Clinical Trial Evidence
Currently no related clinical trials registered.
Literature Evidence
Currently no related literature available.
Philippines Market Information
Cycloserine is currently not registered in the Philippines. No product authorizations were found in the regulatory database.
Safety Considerations
Please refer to the package insert for safety information.
⚠️ Important Safety Signal Identified During Evidence Review
Evidence collected during evaluation of the “insomnia” indication (Rank 5 prediction) reveals a critical concern: the existing evidence direction shows that cycloserine causes insomnia and psychosis as adverse drug reactions — it is emphatically not a treatment for insomnia.
- A 2022 case report (PMID 36712725) documents cycloserine-induced insomnia and psychosis in an MDR-TB patient.
- Three clinical trials retrieved for the insomnia query (NCT03216356, NCT05395494, NCT03395392) all target psychiatric indications (PTSD, fibromyalgia, bipolar depression) via NMDA modulation — none target insomnia as a primary endpoint, and one has been withdrawn.

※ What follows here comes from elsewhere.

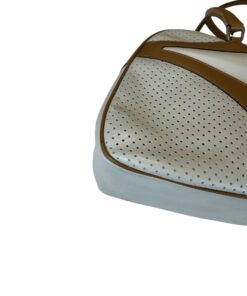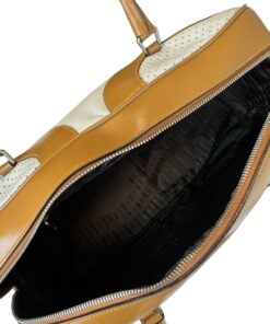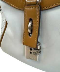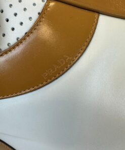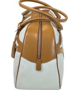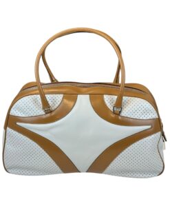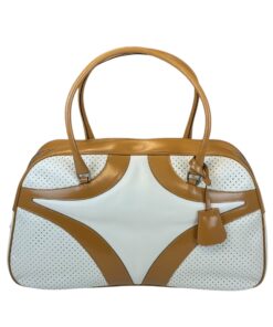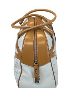 Borsa a Mano Prada Bowler Vitello Drive Bianca e Marrone Chiaro.

This CNS toxicity profile — including insomnia, psychosis, seizures, depression, and peripheral neuropathy — represents a substantial safety barrier for any repurposing pathway in non-life-threatening conditions such as IBS.
Conclusion and Next Steps
Decision: Hold
Rationale: There is no clinical or preclinical evidence supporting cycloserine for irritable bowel syndrome, and the drug’s well-documented CNS adverse effect burden (insomnia, psychosis, seizures) makes the benefit-risk ratio unfavorable for a functional gastrointestinal disorder where safer therapeutic alternatives already exist.
To proceed, the following is needed:
- MOA documentation: Obtain formal DrugBank/primary source data on D-cycloserine’s NMDA partial agonist activity and its pharmacological reach into the enteric nervous system
- Preclinical studies: In vitro and animal model experiments examining cycloserine’s effects on gut motility, visceral hypersensitivity, and the ENS — specifically in IBS-relevant models (e.g., post-infectious IBS, stress-induced visceral pain)
- CNS safety profiling: Establish whether enteric-targeted dosing strategies (e.g., modified-release formulations) could achieve GI exposure while minimizing systemic CNS penetration
- Comparative advantage analysis: Clarify what clinical gap cycloserine could fill compared to established IBS treatments (antispasmodics, low-dose antidepressants, rifaximin for IBS-D), given that these already target relevant pathways with well-characterised safety profiles
- Philippines regulatory pathway: Since cycloserine is not registered in the Philippines, any clinical development would require a full new drug application — confirm whether compassionate use or research IND pathways are viable options
Disclaimer
This content is for research purposes only and does not constitute medical advice. Clinical validation is required before any clinical application.